DATA EXCERPT>
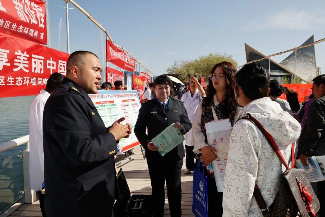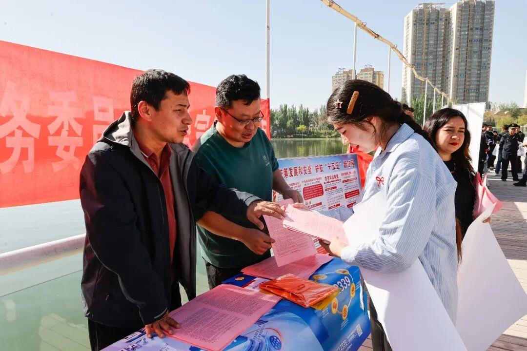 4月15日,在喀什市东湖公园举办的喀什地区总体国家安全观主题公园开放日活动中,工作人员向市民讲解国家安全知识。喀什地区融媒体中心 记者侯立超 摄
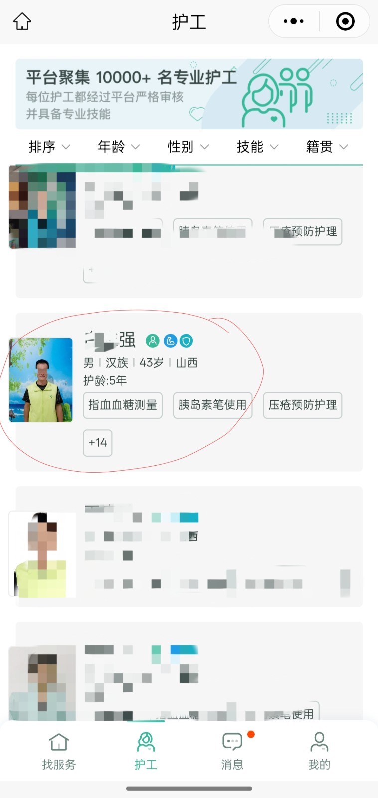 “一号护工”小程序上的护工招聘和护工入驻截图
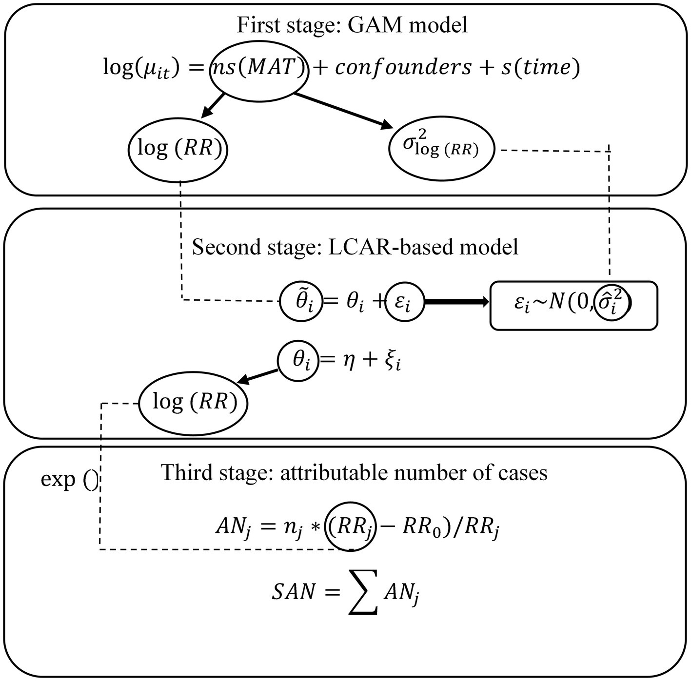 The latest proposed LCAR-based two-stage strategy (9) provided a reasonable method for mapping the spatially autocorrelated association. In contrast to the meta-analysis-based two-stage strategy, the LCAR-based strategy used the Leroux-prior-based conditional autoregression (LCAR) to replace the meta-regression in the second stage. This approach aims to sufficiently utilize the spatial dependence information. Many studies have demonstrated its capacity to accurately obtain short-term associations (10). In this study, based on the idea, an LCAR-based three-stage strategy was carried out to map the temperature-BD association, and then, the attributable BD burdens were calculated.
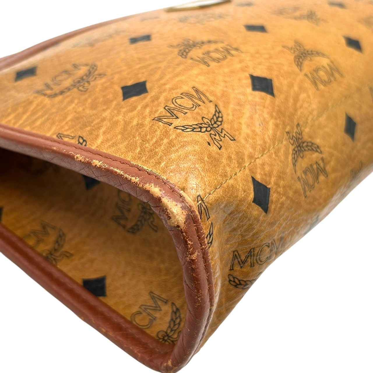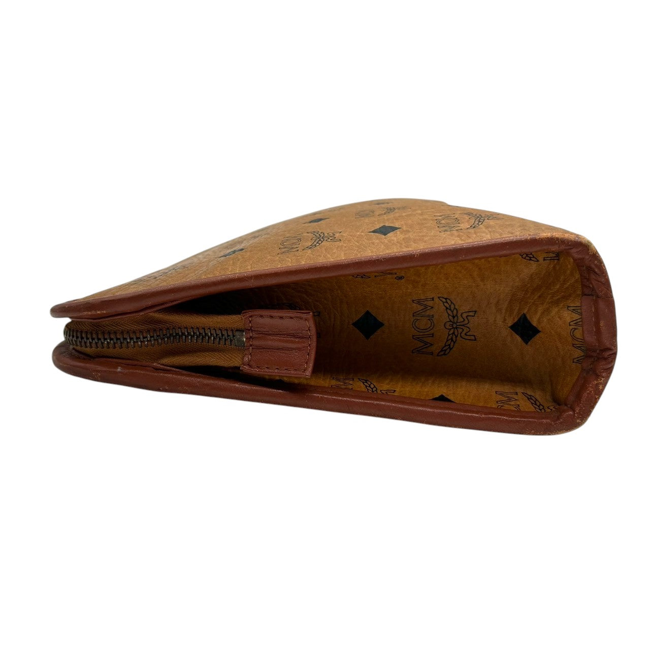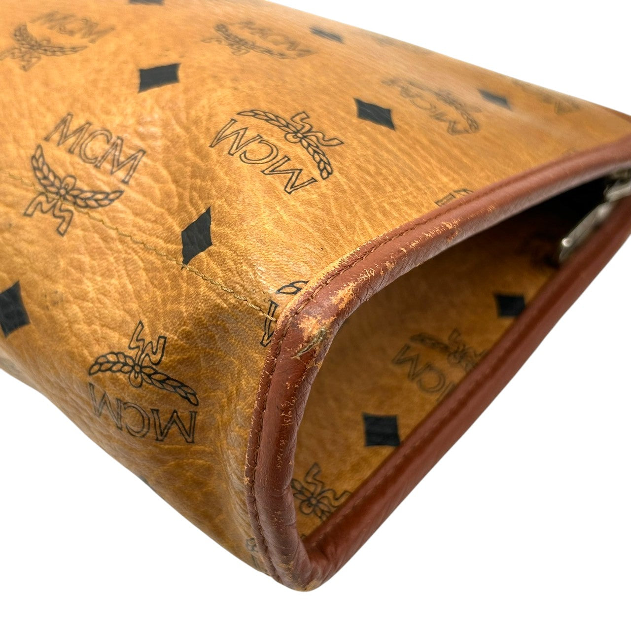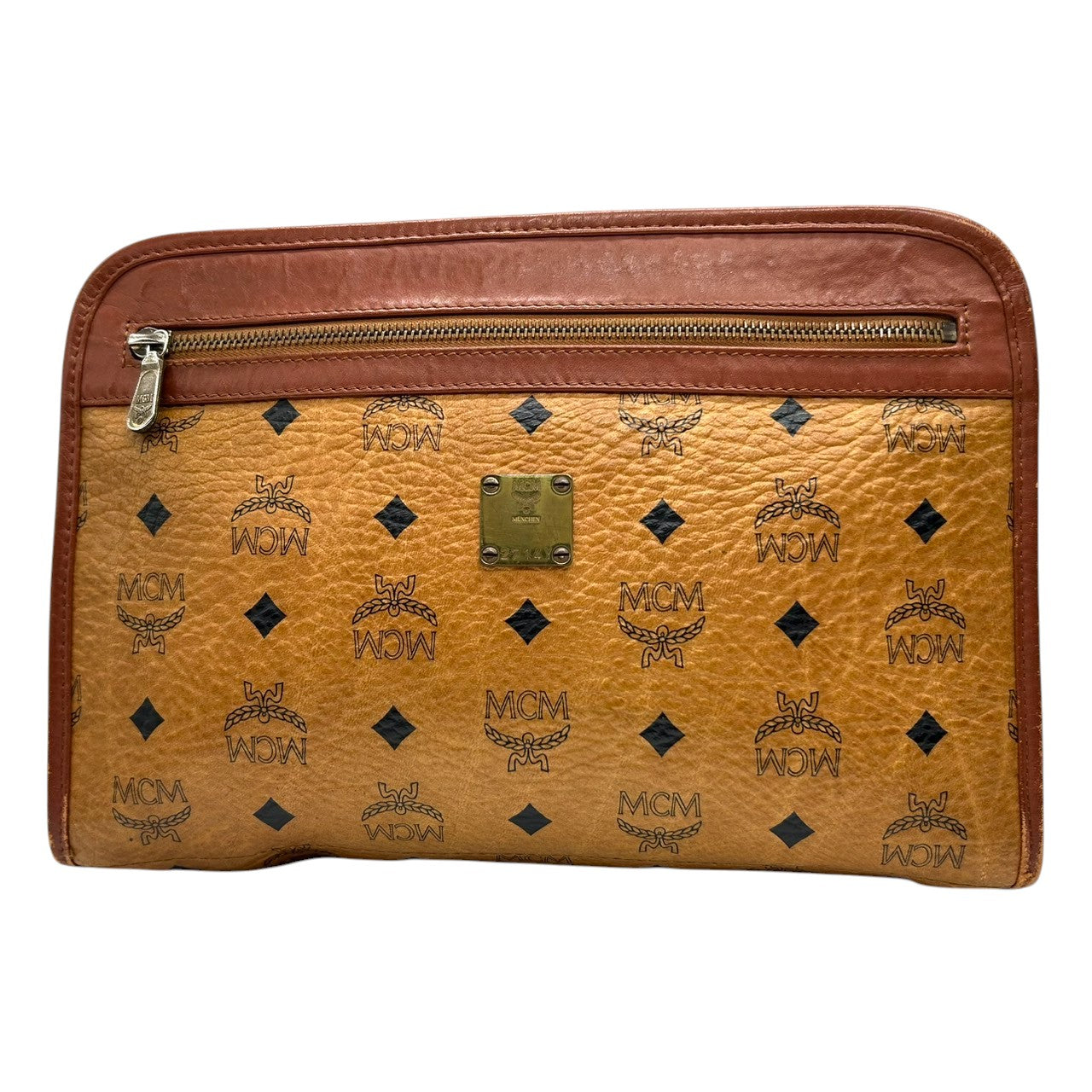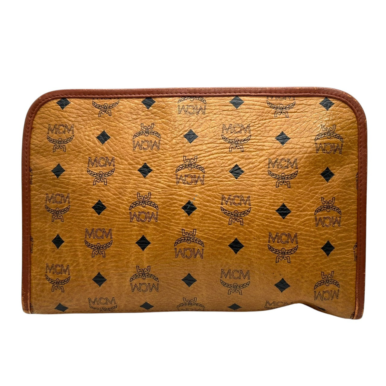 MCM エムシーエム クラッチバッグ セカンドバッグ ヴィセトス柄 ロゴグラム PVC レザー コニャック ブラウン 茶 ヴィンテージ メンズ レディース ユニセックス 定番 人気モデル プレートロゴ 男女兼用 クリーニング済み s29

PROBLEM STATEMENT>
Once the pictures are removed, repeat all of the data above exactly.

WRITTEN ANSWER>
 4月15日,在喀什市东湖公园举办的喀什地区总体国家安全观主题公园开放日活动中,工作人员向市民讲解国家安全知识。喀什地区融媒体中心 记者侯立超 摄
 “一号护工”小程序上的护工招聘和护工入驻截图
 The latest proposed LCAR-based two-stage strategy (9) provided a reasonable method for mapping the spatially autocorrelated association. In contrast to the meta-analysis-based two-stage strategy, the LCAR-based strategy used the Leroux-prior-based conditional autoregression (LCAR) to replace the meta-regression in the second stage. This approach aims to sufficiently utilize the spatial dependence information. Many studies have demonstrated its capacity to accurately obtain short-term associations (10). In this study, based on the idea, an LCAR-based three-stage strategy was carried out to map the temperature-BD association, and then, the attributable BD burdens were calculated.
 MCM エムシーエム クラッチバッグ セカンドバッグ ヴィセトス柄 ロゴグラム PVC レザー コニャック ブラウン 茶 ヴィンテージ メンズ レディース ユニセックス 定番 人気モデル プレートロゴ 男女兼用 クリーニング済み s29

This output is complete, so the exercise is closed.